Rye. Rich in nutrition. Contains starch, fat and protein, vitamin B and phosphorus, potassium, etc. The content of protein and amino acids in Rye is generally higher than that in common wheat, in which phenylalanine is about 6 times higher than that in common wheat, and tryptophan is about 15 times higher than that in common wheat. The mineral content of rye is also very rich, and it is generally higher than that of common wheat. The calcium content is 4 times of that of common wheat. The iron content is 12 times of that of common wheat. The magnesium content is 15 times of that of common wheat. In addition, it is rich in selenium and iodine. Therefore, rye is also known as calcium wheat, blood wheat and selenium wheat. The dietary fiber content of rye is very high. It is good for intestines and stomach and helps digestion. In a word, it's good for health to add rye flour properly when making steamed bread.
Step1:Rye flour mixed with medium gluten flou
Step2:Dig a small pit in the middle of the evenly mixed flour. Pour active dry yeast into the pit. Slowly add wate
Step3:Use chopsticks to stir into floccules. Add water slowly while stirring. Until there is no large amount of flour particles at the bottom of the basin
Step4:Roll the flour into a bal
Step5:Knead until the dough is smooth. Roll it into a container
Step6:For the first fermentation, you can use the oven or room temperature.

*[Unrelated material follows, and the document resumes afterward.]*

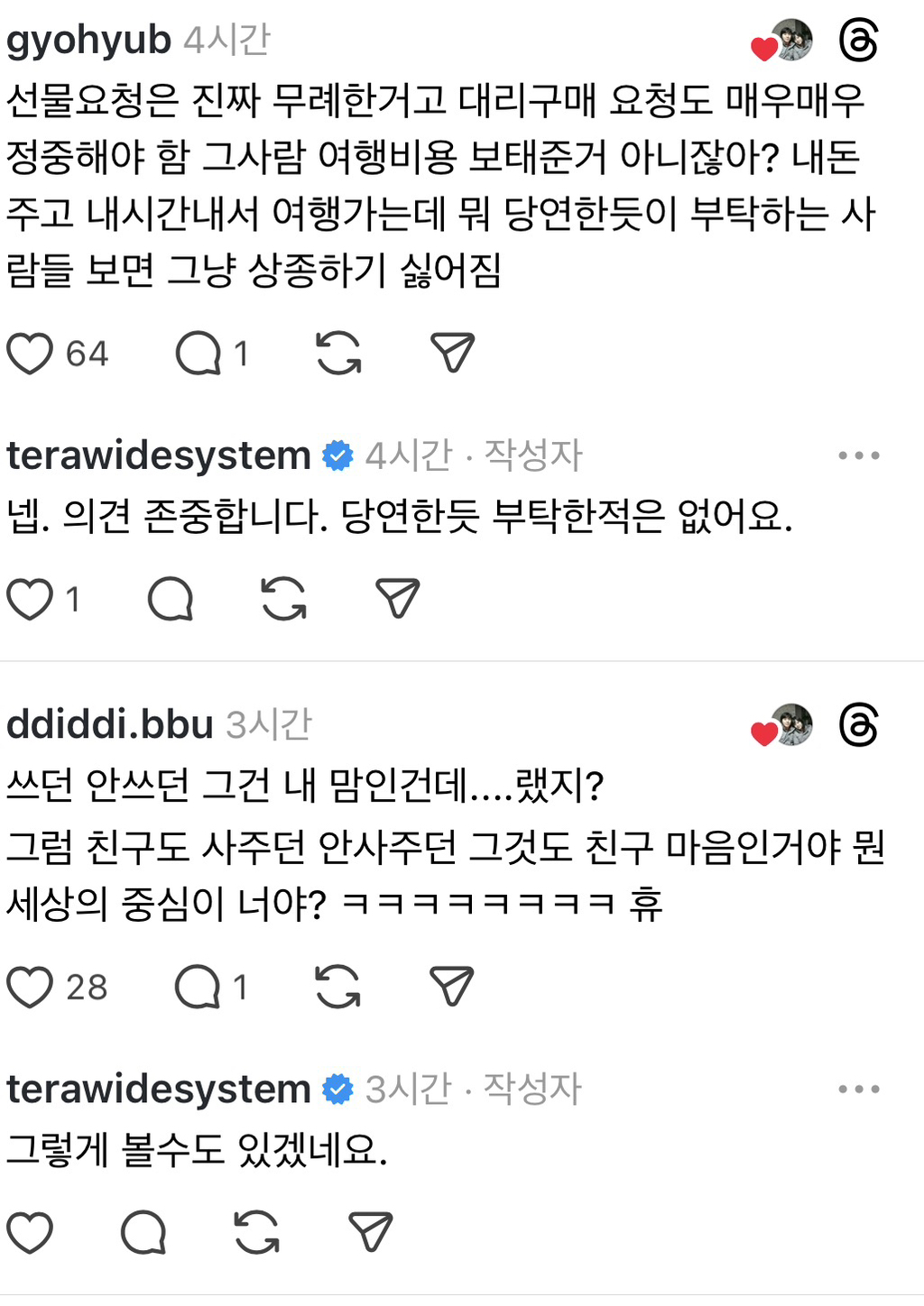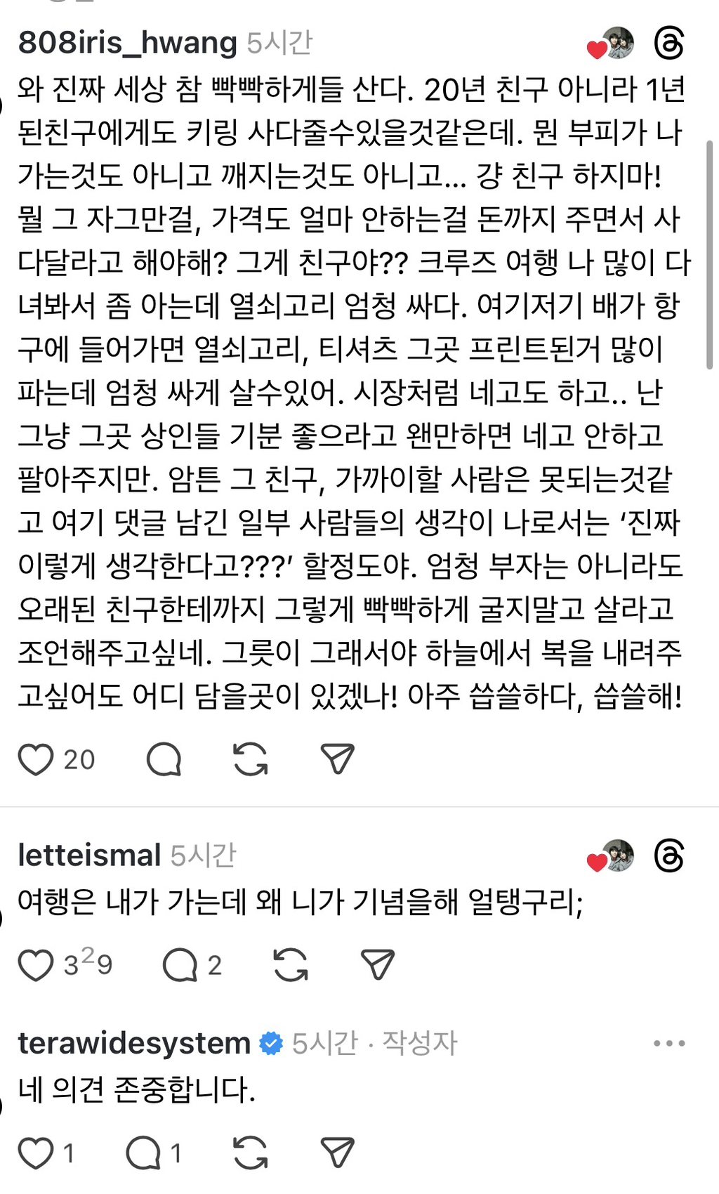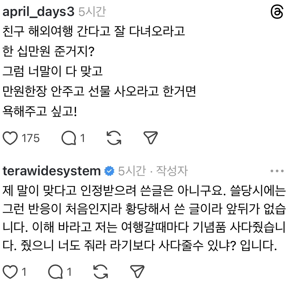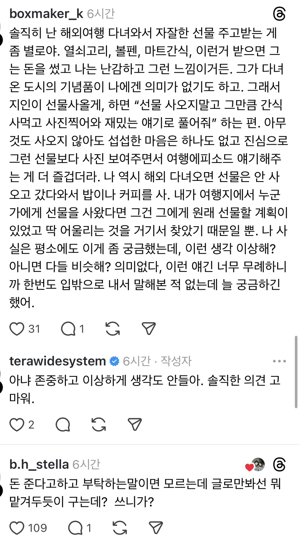 근데 적어도 내주변 데이터로 볼께 여행갈때 꼭 뭐 사다달라는애들은 지들 여행갈땐 하나도 선물 안하는애들이 더 여행지 선물타령함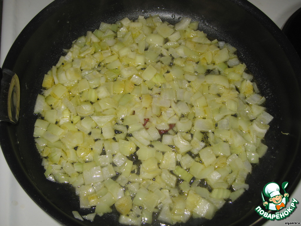 Лук чистим, нарезаем кубиками и обжариваем на растительном масле до золотистого цвета, примерно 5 минут.

Cover with wet towel for 1 hour
Step7:The fermented dough is kneaded into long strips and cut into small piece
Step8:Knead each section. Put it into the steamer. Put cold water in the pan. Turn to medium heat after boiling. Steam for 25 minutes. Turn off the heat and simmer for 5 minutes
Step9:Out of the po
Step10:Eat coarse food. Healthy people are beautiful. Hahaha. Start
Cooking tips:Do not pour in water at one time. Because the water absorption capacity of different brands of flour is also different. Pour in slowly first. Pour in and stir at the same time. There are skills in making delicious dishes.